E, havendo Deus terminado no dia sétimo sua obra, que fizera, descansou nesse dia de toda a sua obra que tinha feito. E abençoou Deus o dia sétimo e o santificou; porque descansou de toda a obra que, como Criador, fizera.

Este enunciado, que conclui o capítulo 1 (o capitulo 2 deveria começar no verso 4), afirma que o Criador estabeleceu para o ser humano um padrão rítmico de ação semanal semelhante ao que ele usou na criação, que consiste, basicamente, em alternar seis dias de trabalho com o descanso do sétimo dia. Aí este padrão rítmico de ação semanal surge como algo que foi preparado por Deus, já na criação, consumando a provisão de tudo aquilo que o ser humano precisa.

O padrão rítmico de ação semanal acha sua motivação na relação de parentesco que as narrativas estabelecem entre o ser humano e Deus. A  relação de parentesco aparece primeiro em Gn 1:26-28, na expressão "imagem e semelhança". (Traduzida na linguagem de hoje como parecido.) Que ela expressa tal relação de parentesco fica claro em Gn 5:1-3:

No dia em que Deus criou o homem, à semelhança de Deus o fez; homem e mulher os criou, e os abençoou, e lhes chamou pelo nome de Adão [Humanidade], no dia em que foram criados. Viveu Adão cento e trinta anos, e gerou um filho à sua semelhança, conforme a sua imagem, e lhe chamou Sete.

Ou seja, do mesmo modo que Sete era filho de Adão, a humanidade é filha de Deus! É devido ao fato de que o ser humano foi criado como “imagem de Deus” que se requer dele que tenha um padrão rítmico de ação semanal semelhante ao que Deus adotou na criação. Trabalhar e descansar dessa maneira faz que o homem se mantenha próximo de Deus. Pois seguir tal padrão significa trabalhar e descansar como alguém que é “filho” de  Deus, ou como alguém que é “semelhante” a Deus. E denota dar ao trabalho e ao descanso um novo sentido: trabalhar e descansar como “imagem de Deus”.

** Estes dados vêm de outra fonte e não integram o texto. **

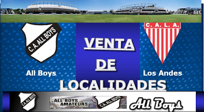 El Departamento de Prensa del Club Atlético All Boys, informa los precios de las distintas entradas para el partido a disputarse este lunes entre All Boys y Los Andes. En este cotejo, los SOCIOS que vayan a la popular de la Calle Chivilcoy para ingresar deberán presentar su carnet con cuota de MARZO 2017 paga y abonar un bono obligatorio de $ 50 mientras que los NO SOCIOS deberán abonar un bono obligatorio de $ 70 para ir a dicha tribuna.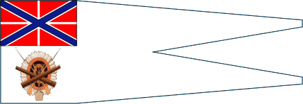 Шлюпочный флаг Начальника артиллерии Черноморского флота и начальника артиллерии в портах - красный с белой полосой по нижней кромке и двумя скрещенными пушками в белом кантоне. Флаг введен высочайшим повелением, объявленным в приказе Нач.Гл.Морск.Шт. Е.и.В. 27 мая 1837 года и упразднён 12 июля 1865 года (ПСЗ №42305). В Морском Уставе 1853 г. флаг начальника артиллерии в портах подтвержден в ст. 944. Флаг только шлюпочный. В 1865 (ПСЗ 42305) из Морского Устава ислючены флаги упраздненных должностей, в том числе и флаг Начальников артиллерии в портах [приказ генерал-адмирала Константина № 98]. |

O que quer dizer trabalhar e descansar como “imagem de Deus”, segundo a intenção da teologia da criação? Certamente seus conceitos de trabalho e descanso não são os mesmos que os de seu ambiente, nem dos que temos hoje no setor produtivo; eles aparecem quando consideramos a maneira como as narrativas foram concatenadas no texto e as projetamos sobre o fundo cultural do Antigo Oriente Médio.

 

Trabalhar como “imagem de Deus”

Os mitos sociais desse ambiente interpretavam o trabalho como uma forma de exploração, porque objetivavam o modo de produção escravista, adotado por todos os povos da região. Por exemplo, o mito babilônico diz que os deuses, para poder dedicar-se a uma vida de prazeres, criaram deuses inferiores a fim de que trabalhassem para eles. Cansados de trabalhar para os deuses principais, os deuses inferiores rebelaram-se. Esse fato obrigou os deuses principais a criar o ser humano, para substituir os deuses inferiores no trabalho. Esse mito expressa a ideologia pela qual a elite babilônica justificava a exploração das classes populares no trabalho.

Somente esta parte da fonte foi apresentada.